Researchers looked at international studies on half a million women.

They found that for every 2,000 women screened over a decade, one will have her life prolonged, but 10 will have to undergo unnecessary treatment.
The report, published in the Cochrane Library, involved a review of breast cancer research papers from around the world.

The scientists found mammograms did reduce the number of women dying from the disease.

But they also discovered it was diagnosing woman with breast cancer who would have survived without treatment, meaning they were undergoing unnecessary chemotherapy, radiotherapy or mastectomies.

About a fifth of cancers picked up by screening are in the milk ducts of the breast.

Some of these cancers will progress while others will not - but there is no way of predicting what will happen.

This means women and doctors have to decide whether or not to risk doing nothing, or go ahead with treatment which might be unnecessary.
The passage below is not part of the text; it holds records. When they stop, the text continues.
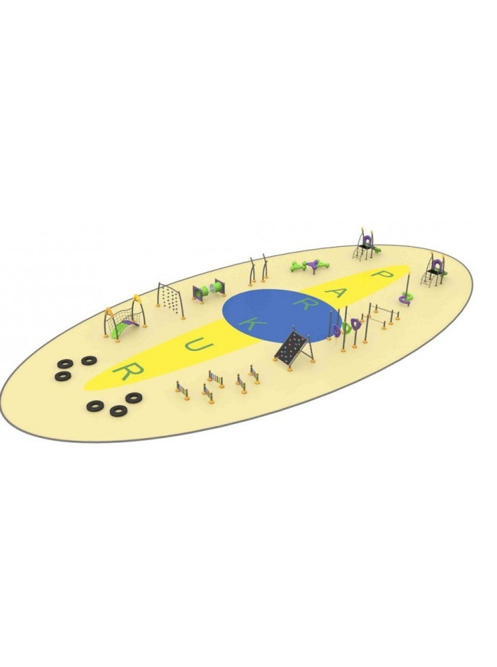 Готовый проект спортивно-игровой площадки Паркур-6 - занимательный комплекс с различными спортивными и игровыми элементами.
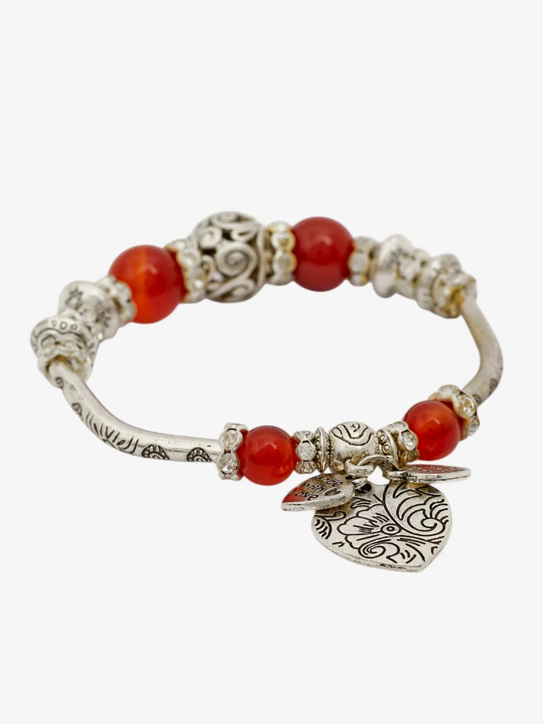 - Un bracelet féminin sur un élastique, orné de cristaux, de perles et de pierres en zircon cubique. Des breloques en forme de cœur ajoutent du charme au bracelet. Léger, confortable et plein d’éclat – parfait comme cadeau ou pour une tenue romantique.
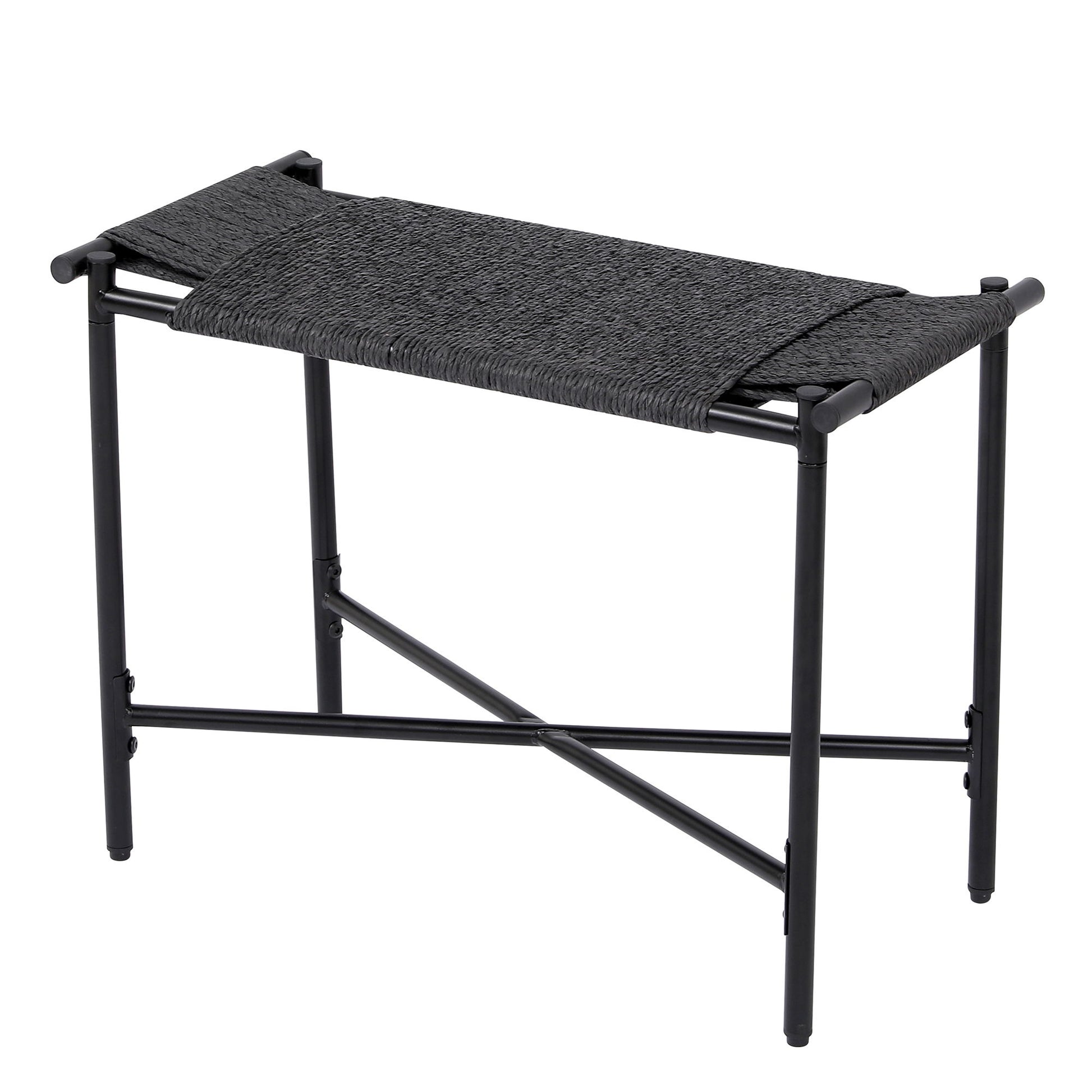 Handwoven Paper Rope Foot Rest Shoes Stools Ottomans For Entryway, Living Room, Bedroom & Office - Black
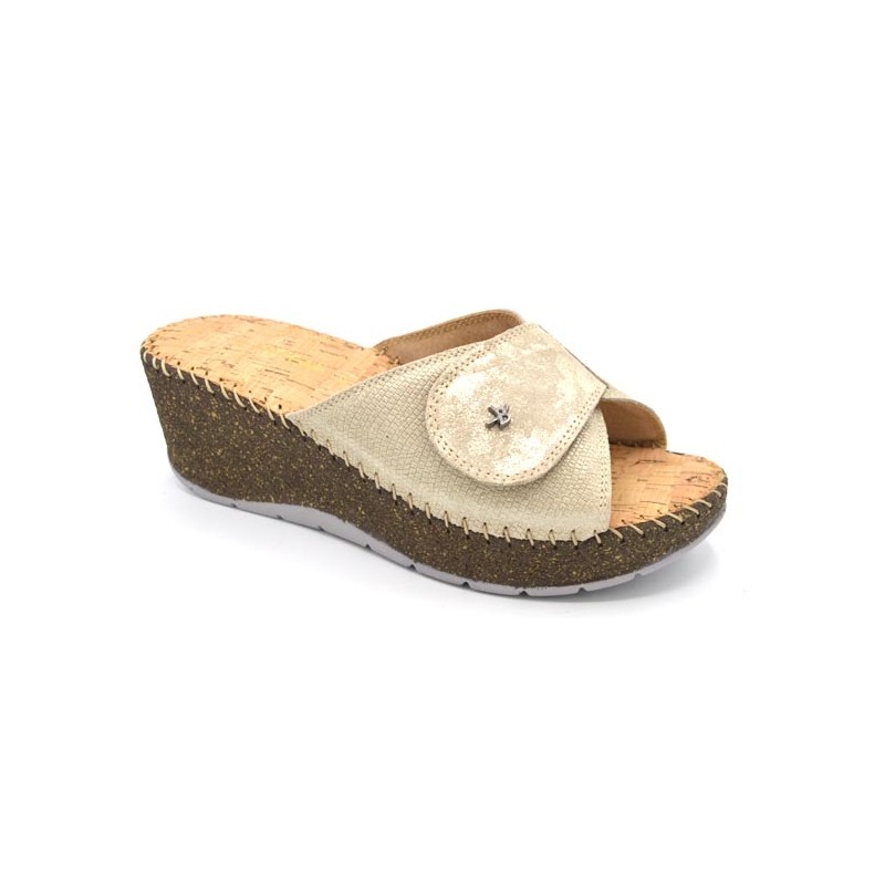 BENEXA ciabatte zeppa alta pelle strappo 6056 SUMMER BEIGE morbido plantare imbottito sottopiede sughero
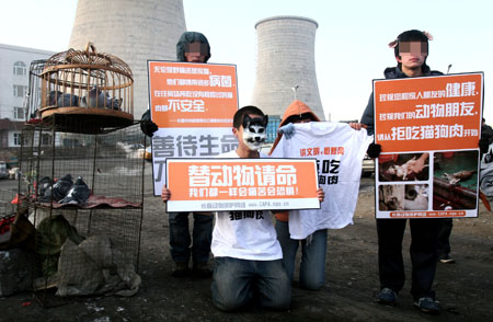 一名大學生穿著短袖,頭上戴著“貓咪”面具,身前放著一個“替動物請命”的牌子跪在馬路上,一個女孩舉著印有“拒吃貓狗肉”的T恤衫跪在他旁邊。他們身后,幾名學生拿著“善待生命、刀下留情”的廣告牌陪同,學生們在瑟瑟的寒風中“為動物請命”,這是昨日發生在鴿子市場的一幕。他們希望用這種方式感染那些虐殺動物的商販,讓商販們放下“屠刀”、珍愛生命。
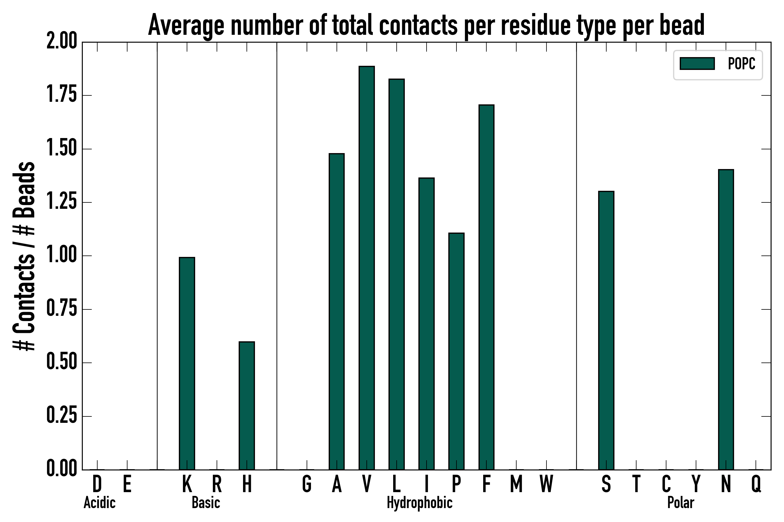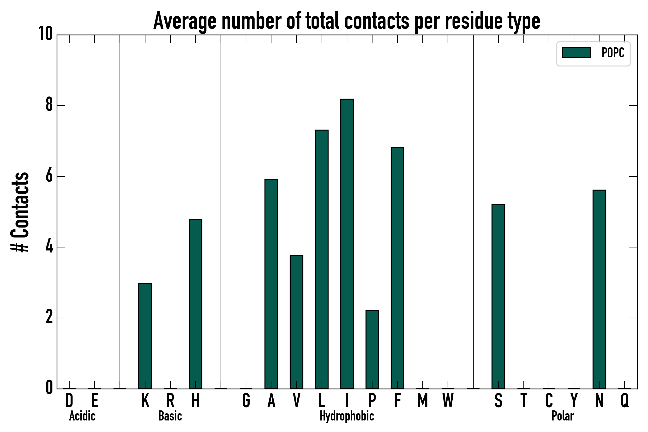 Number of total contacts per residue type:
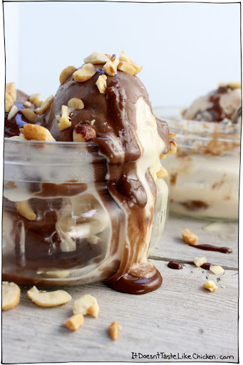 Assemble your sundae by scooping the cashewmilk frozen treat, drizzling the warm fudge sauce overtop and finish by sprinkling chopped peanuts. Bon Appetegan!
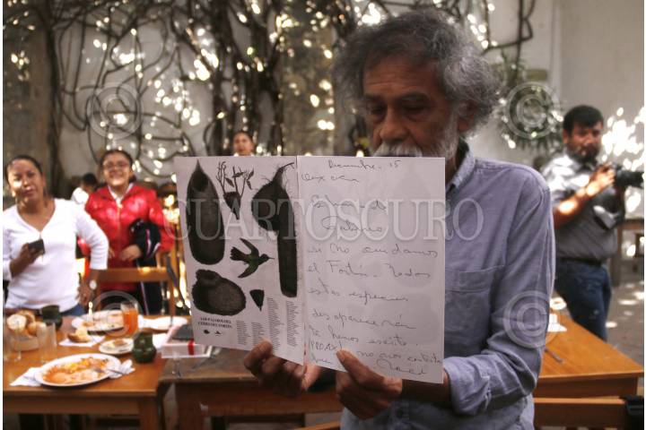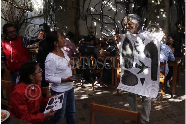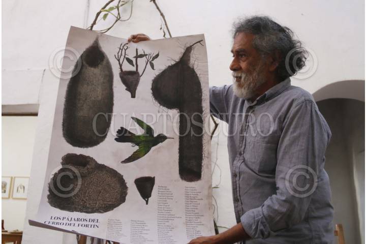 OAXACA, OAXACA, 15DICIEMBRE2015.- El pintor y fundador de Pro Oax, Francisco Toledo ofreció un desayuno a los representantes de los medios de comunicación en las instalaciones del Instituto de Artes Gráficas de Oaxaca (Iago) donde informó que enviará una segunda carta al gobernador, Gabino Cué para solicitar nuevamente una audiencia, ya que desde el 30 de noviembre entregaron un documento pidiendo al mandatario una reunión para presentar un proyecto de reforestación del cerro del Fortín. Además presentó un cartel en el que se enumeran más de 100 aves que habitan en el cerro del Fortín y que si no se cuida el espacio podrían desaparecer. FOTO: ARTURO PÉREZ ALFONSO /CUARTOSCURO.COM

They also revealed a further 200 women out of every 2,000 experienced distress and anxiety because of false positives - a result that indicated a cancer was present but was later found to be wrong.
In 2001, the same authors concluded there was no convincing evidence that screening programmes reduce mortality from the disease.

Not that surprising and not that new (except for quantification). The key finding is that there are apparently ten times as many false positives as actual positives. Women should certainly be warned about this, loud and clear. Unfortunately the findings go against the current dogma, so the health professionals will likely just pretend the study never happened.